A review of the pleadings in this case reflects that Petitioner has not satisfied the exhaustion requirement. Petitioner correctly notes that the TDCJ sentence credit and dispute resolution process was unavailable to him because he was within 180 days of his discharge date. See Tex. Gov't Code § 501.0081(c); Ex parte Stokes, 15 S.W.3d 532, 533 (Tex.Crim.App. 2000). Nevertheless, Petitioner had adequate time to raise his time-credit claim in an art. 11.07 application. On July 27, 2006, when he filed his petition for writ of mandamus in the Court of Criminal Appeals, Petitioner could have just as easily filed an art. 11.07 application in the convicting court, raising the claim at issue in his federal petition. Accordingly, Petitioner's time-credit claim is unexhausted and this action should be dismissed without prejudice for failure to exhaust state habeas corpus remedies. See Rose v. Lundy, supra. RECOMMENDATION:
The court cautions Petitioner that the recent amendment to the habeas corpus statute imposes a one-year statute of limitations for filing non-capital habeas corpus petitions in federal court, see 28 U.S.C. § 2244(d), and that this provision is applicable to this and any subsequent petition that Petitioner may file in this court.
For the foregoing reasons, it is recommended that the petition for writ of mandamus, CONSTRUED as a petition for a writ of habeas corpus, be DISMISSED without prejudice for failure to exhaust state court remedies.

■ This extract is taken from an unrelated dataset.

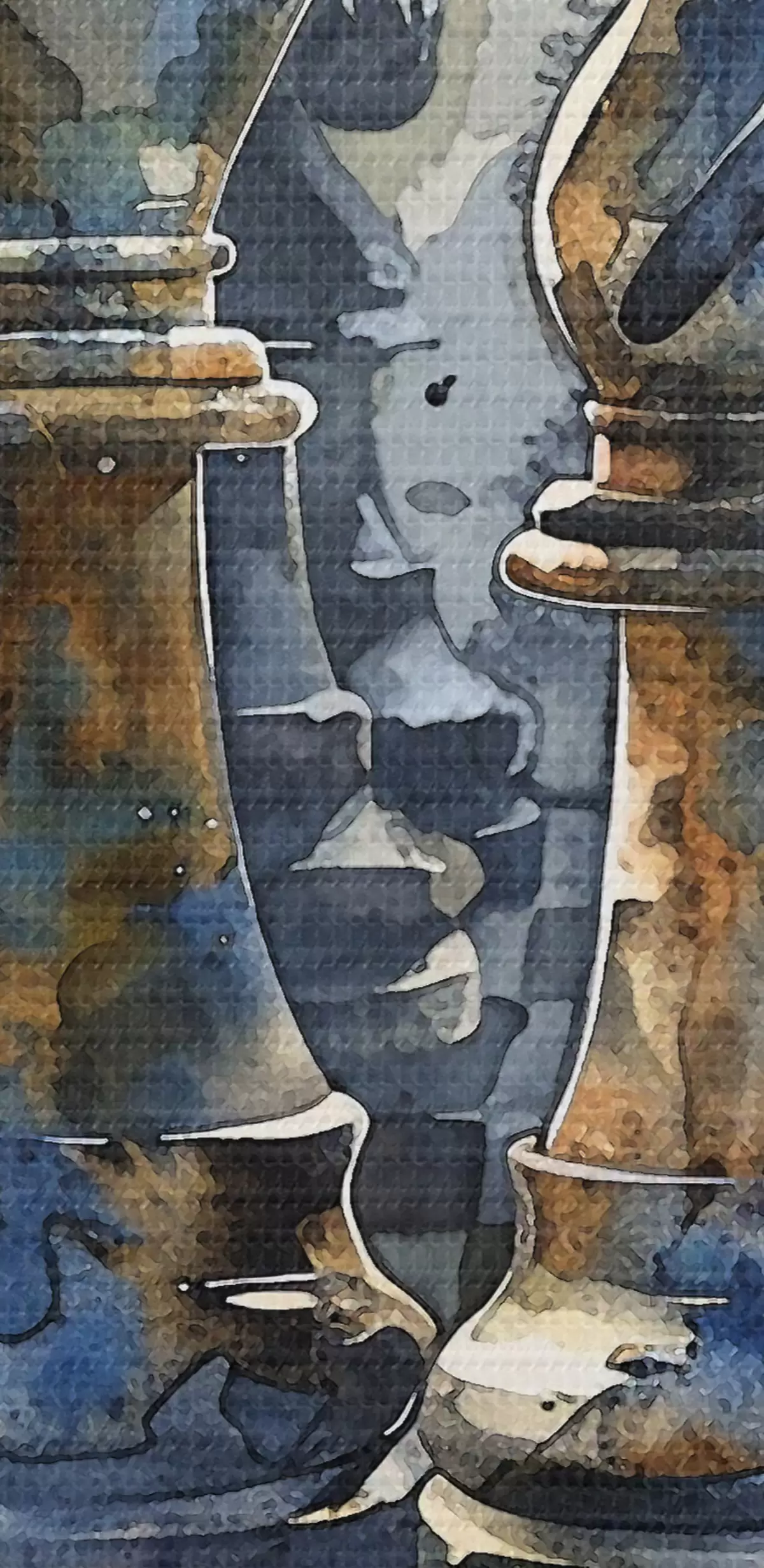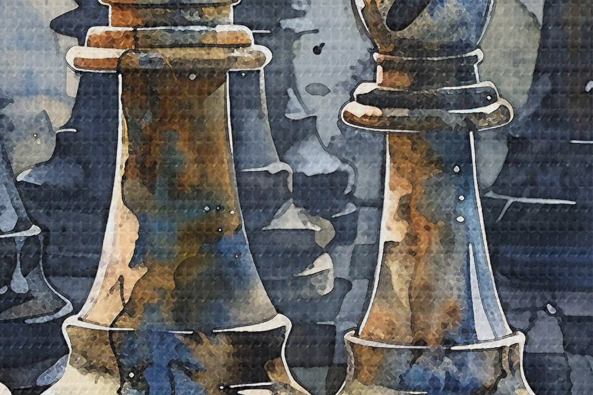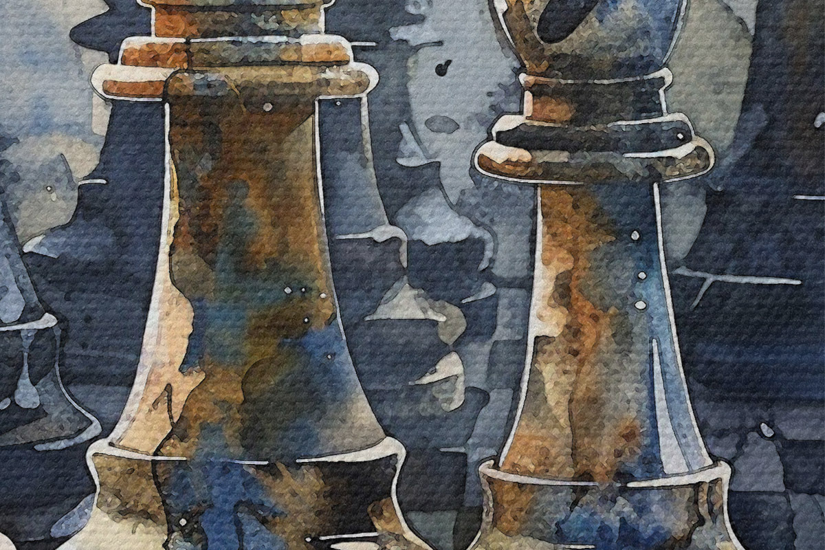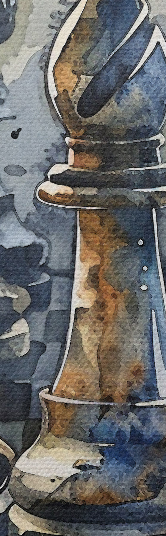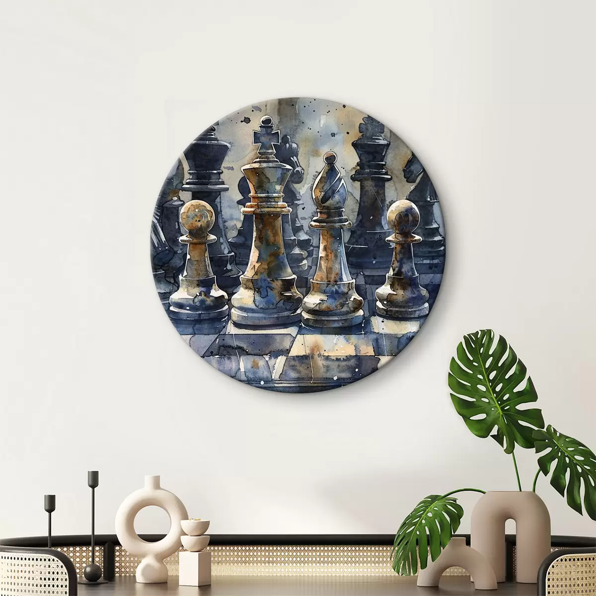 Picturi rotunde Pictură în acuarelă vedere de aproape a unui șah din metal sau piatră, cu desene și texturi detaliate Nr r38960

A copy of this recommendation will be mailed to Petitioner.
NOTICE
In the event that you wish to object to this recommendation, you are hereby notified that you must file your written objections within ten days after being served with a copy of this recommendation. Pursuant to Douglass v. United Servs. Auto Ass'n, 79 F.3d 1415 (5th Cir. 1996) ( en banc), a party's failure to file written objections to these proposed findings of fact and conclusions of law within such ten day period may bar a de novo determination by the district judge of any finding of fact or conclusion of law and shall bar such party, except upon grounds of plain error, from attacking on appeal the unobjected to proposed findings of fact and conclusions of law accepted by the district court.